Steps:


I was embedding a large dataset, my home server kept crashing.

What I did:

These two optimizations prevented OOM Kills, and to be honest, they should've been there from the beginning. As usual for my ML Projects, I rented out two Hetzner servers with 32Gig RAM and 16 Cores of RAW POWER haha, they costed me 10c an hour each.

I downloaded the dataset one more, which was a breeze because of DataCenter Speeds, split it into two halves, and used schollz/croc to move the second chunk to the second server. I threw up a VectorStore Server on the first server using Docker and configured my script to connect to it.
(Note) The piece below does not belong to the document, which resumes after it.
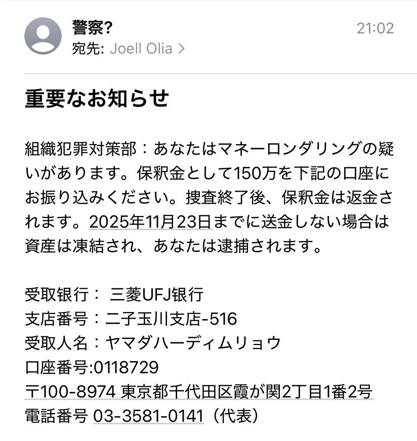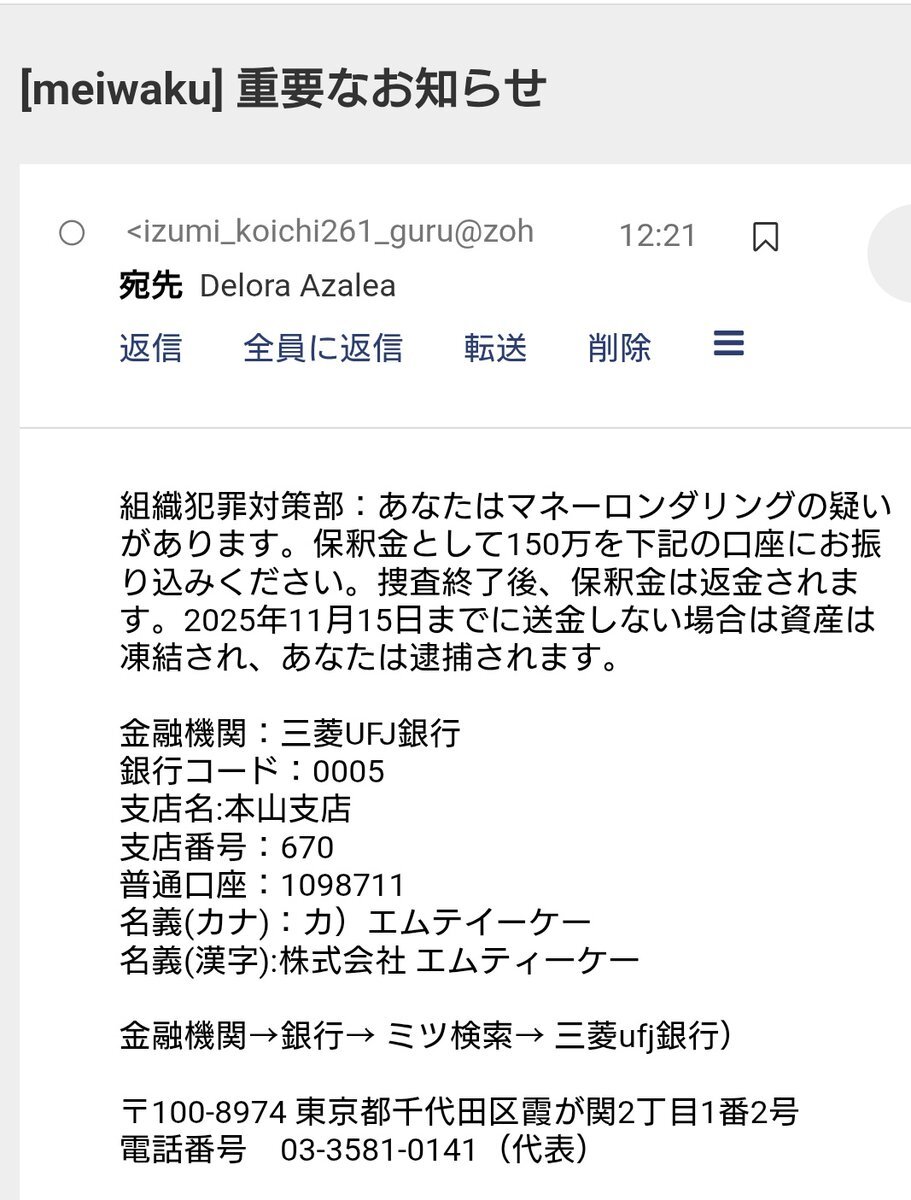(。´・ω・)ん?(-ω-;)アレ?…「保釈金」は逮捕されてから納めるのだ!なんで「株式会社」に振り込まんといけんのだ? もう少し学習するのだ!#三菱ufj銀行 大丈夫なのか? #迷惑メール pic.x.com/z7tZ9k2a6m

Dataset -> Chunk -> For record in JSONL Chunk -> Parse, Embed, Insert into VectorStore Server -> Next Record

Once the processing was done (8 Hours later, slept, it was almost finished when I woke up), I destroyed the second server and took a snapshot of the first, where the VectorStore was located. I used docker save and docker commit to get a snapshot of the docker container so I could spin it back up on my local without data-loss. I spun up another Hetzner server with low RAM/CPU but high storage (this is for data-center bandwidth, I can move the file from Server One incredibly quickly and leave it here for a while, because the storage server is much cheaper. Then I can peacefully download the image from my residential line haha), installed croc on it and moved the docker image there. Destroyed the first instance, and we're done!